Attack

11.3K 960 59
                                    

Matahari telah lama beranjak dari singgasananya di gantikan bulan yang kini bertahta. Malam yang sunyi, hanya segelintir hewan malam yang bernyanyi atau sekedar berburu mencari arti di hidup mereka yang tak abadi. Sesekali daun terdengar menari tertiup angin seakan mentertawakan setiap langkah mengendap-endap yang di lakukan para Black Witch dan rogue yang sama sekali tak berarti bagi para warrior penjaga perbatasan.

Dua warrior berhasil menerjang dan menerkam seorang Black Witch hingga kepalanya terlepas dari tubuh sebelum sang Black Witch berhasil merapalkan sihir hitamnya. Salah satu warrior terhempas oleh sihir hitam yang langsung merenggut nyawanya. Warrior yang tersisa melolong memanggil bantuan. Kemudian muncul sosok-sosok gelap berjubah hitam yang bertengger di atas pohon. Bukan hanya satu tapi puluhan.

Warrior itu tau hidupnya tidak akan lama lagi. Dengan sisa waktunya dia menghubungi kawanan. Sebuah sihir menghempaskannya hingga menghantam dua pohon hingga tumbang. Suara geraman dari puluhan rogue ikut terdengar. Dengan sisa kesadarannya dia memindlik kawanan yang lain untuk menyampaikan informasi sekaligus meminta maaf bahwa tugasnya selesai malam ini.

***

Bulan bersinar terang dengan cahaya putih yang berpijar menerangi malam. Lalita mengamati bulan dari jendela kamarnya. Hatinya masih terasa sakit mengingat kejadian saat senja. Lalita menyadari dirinya egois. Tapi biarlah dia egois. Dia egois untuk sesuatu yang harus menjadi miliknya secara muthlak. Jika seseorang menginginkan apa yang dia miliki. Lalita tidak akan berbagi maupun segan untuk menghabisi. Karena pasangan hidup tidak untuk di bagi atau kematian yang akan menghampiri.

Pintu terbuka saat Sean masuk. Tatapanya melembut tapi ekspresinya tetap datar. Lalita tak bergeming sambil terus menatap rembulan dari jendela. Udara dingin perlahan masuk diikuti angin malam yang memainkan sedikit surai pirang nyaris putihnya.

"Tutup jendelanya.
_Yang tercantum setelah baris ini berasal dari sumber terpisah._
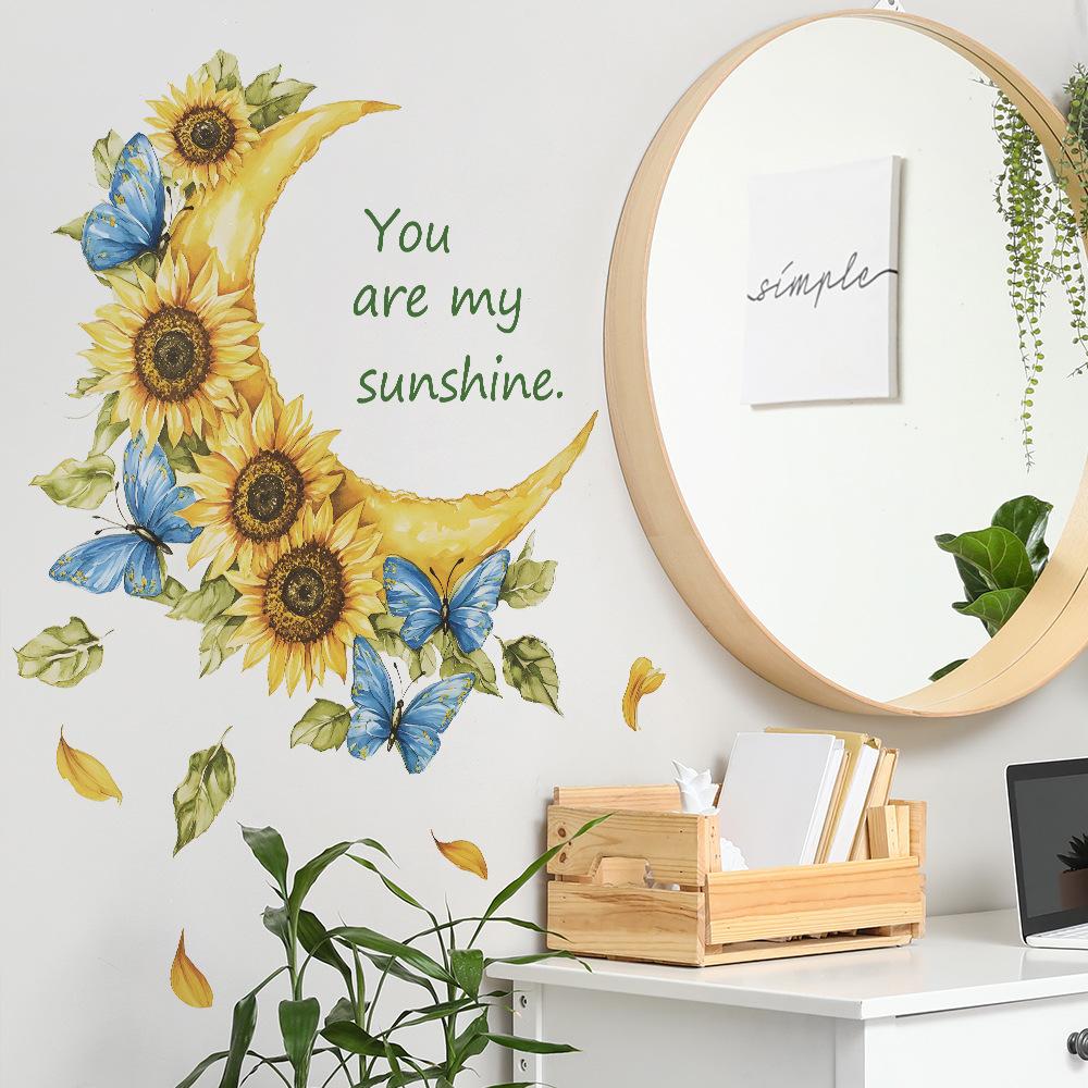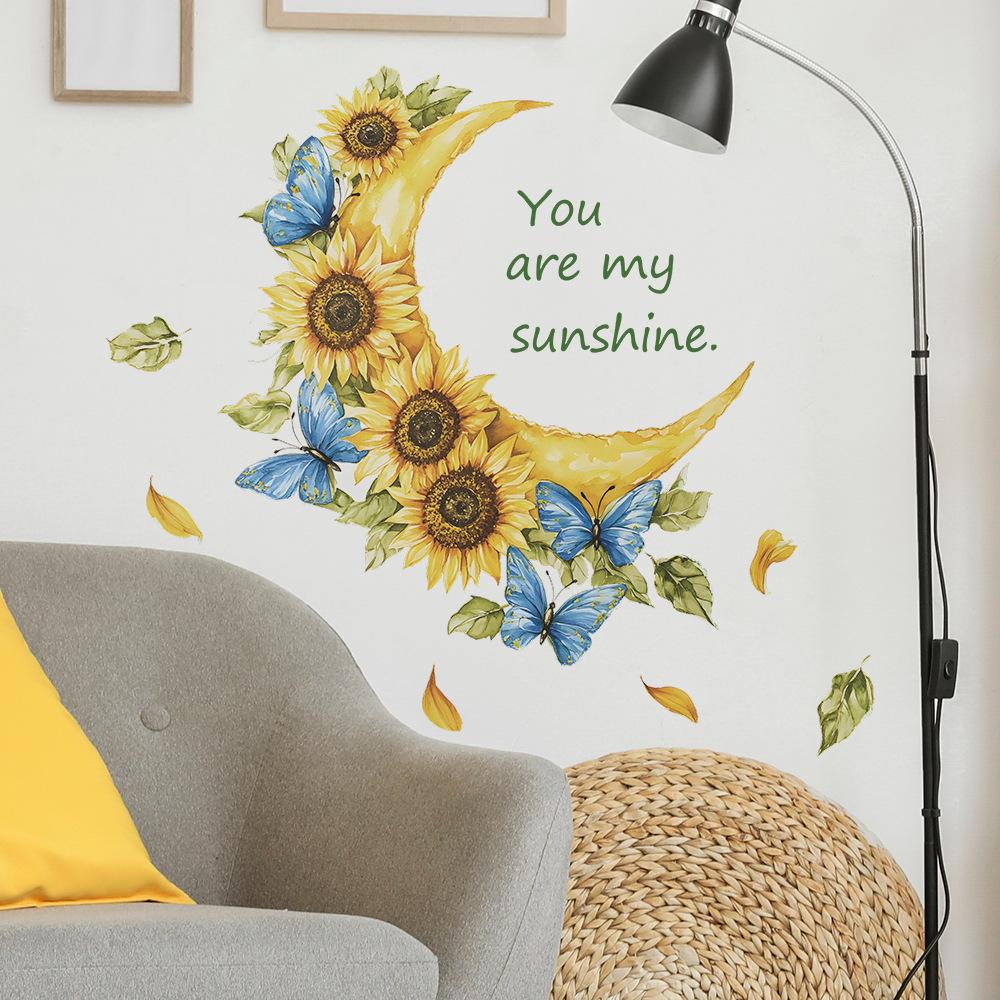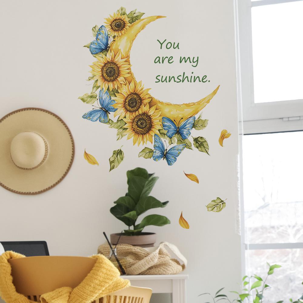 Comercio exterior mariposa luna girasol dormitorio sala de estar entrada dormitorio decoración del hogar pegatinas de pared autoadhesivas al por mayor

Memangnya kau tidak kedinginan?" Lalita masih tak bergeming sambil terus menatap bulan. Dia benci jika harus menatap iris biru sedalam samudra yang mungkin menyembunyikan banyak teka-teki rahasia yang akan menyakitinya.
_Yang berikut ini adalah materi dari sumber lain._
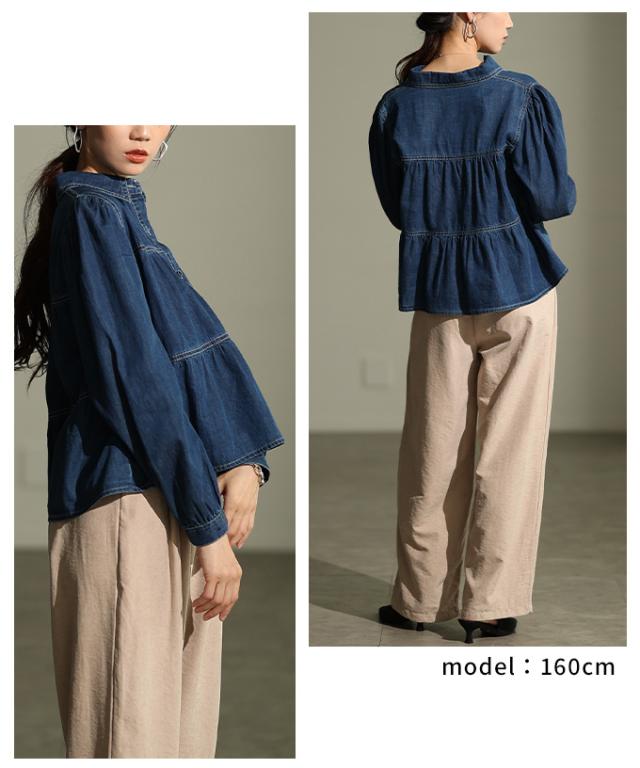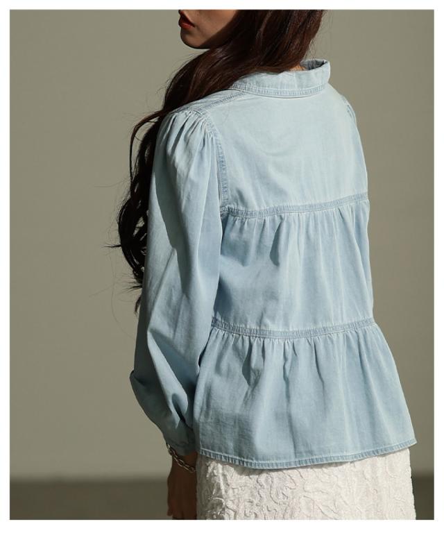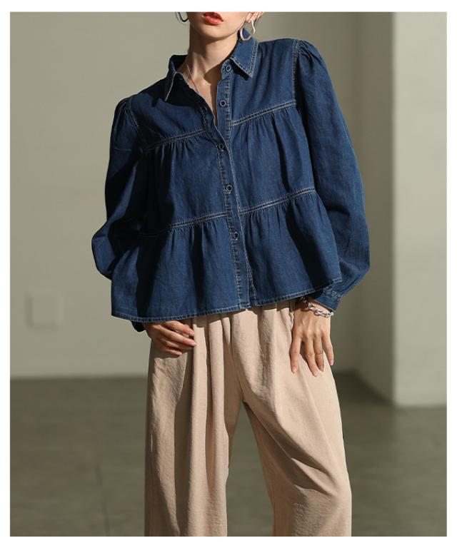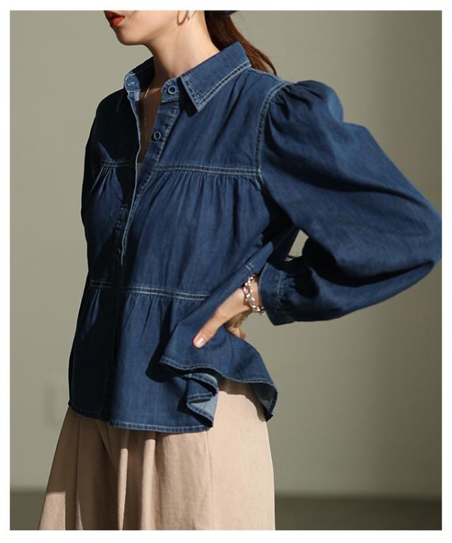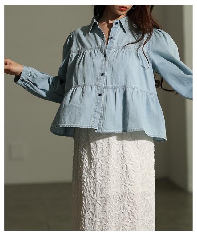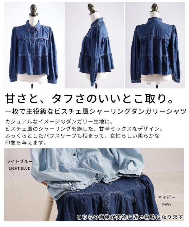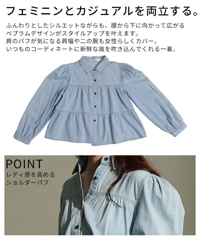 特徴: シャーリング ティアード フレア ダンガリー デニム ボタン パフ レギュラーカラー カフス

"Apa pedulimu?" tanya Lalita dingin ketika Sean melangkah mendekat.

"Kau mateku. Tentu aku peduli padamu."

"Heh." Lalita tertawa remeh. "Bagaimana dengan mantan kekasihmu itu. Dia cantik, menawan, dan elegan. Atau jangan-jangan kalian sudah kembali menjadi sepasang kekasih?"

Sean diam, tak tau harus mengatakan apa pada Lalita yang kesal terhadapnya. Diamnya Sean adalah jawaban bagi Lalita. Dengan senyum miring Lalita berbalik dan menatap Sean yang balas menatapnya lembut.

"Keluar! Aku ingat sendiri dulu." titah Lalita sambil membuang muka.

"Jika kau tidak ingin keluar dan pergi. Lebih baik aku yang pergi."

Baru beberapa langkah mendekati pintu Sean langsung mendekap erat Lalita dari belakang. Sean menggerakkan ujung hidungnya pada ceruk leher Lalita sambil menghirup aroma candunya dalam-dalam. Lalita tak bergeming dan membiarkan Sean mendekapnya erat.

"Jangan pergi." bisiknya lirih.

"Shakira memang pernah menjadi kekasihku." Lalita menegang mendengar pernyataan Sean.

"Namun setelah dia pergi aku sudah membuang semua rasaku. Hanya kau satu-satunya yang membuatku kembali merasakannya. Kau warna dalam hidupku. Kau api yang menghangatkanku saat aku terjebak di dalam balok es yang membeku. Kau segalanya sekarang. Aku mencintaimu bukan semata-mata karena ikatan kita. Tapi ikatan itu juga yang membuat cinta kita semakin kuat. Percayalah, hanya kau yang aku inginkan."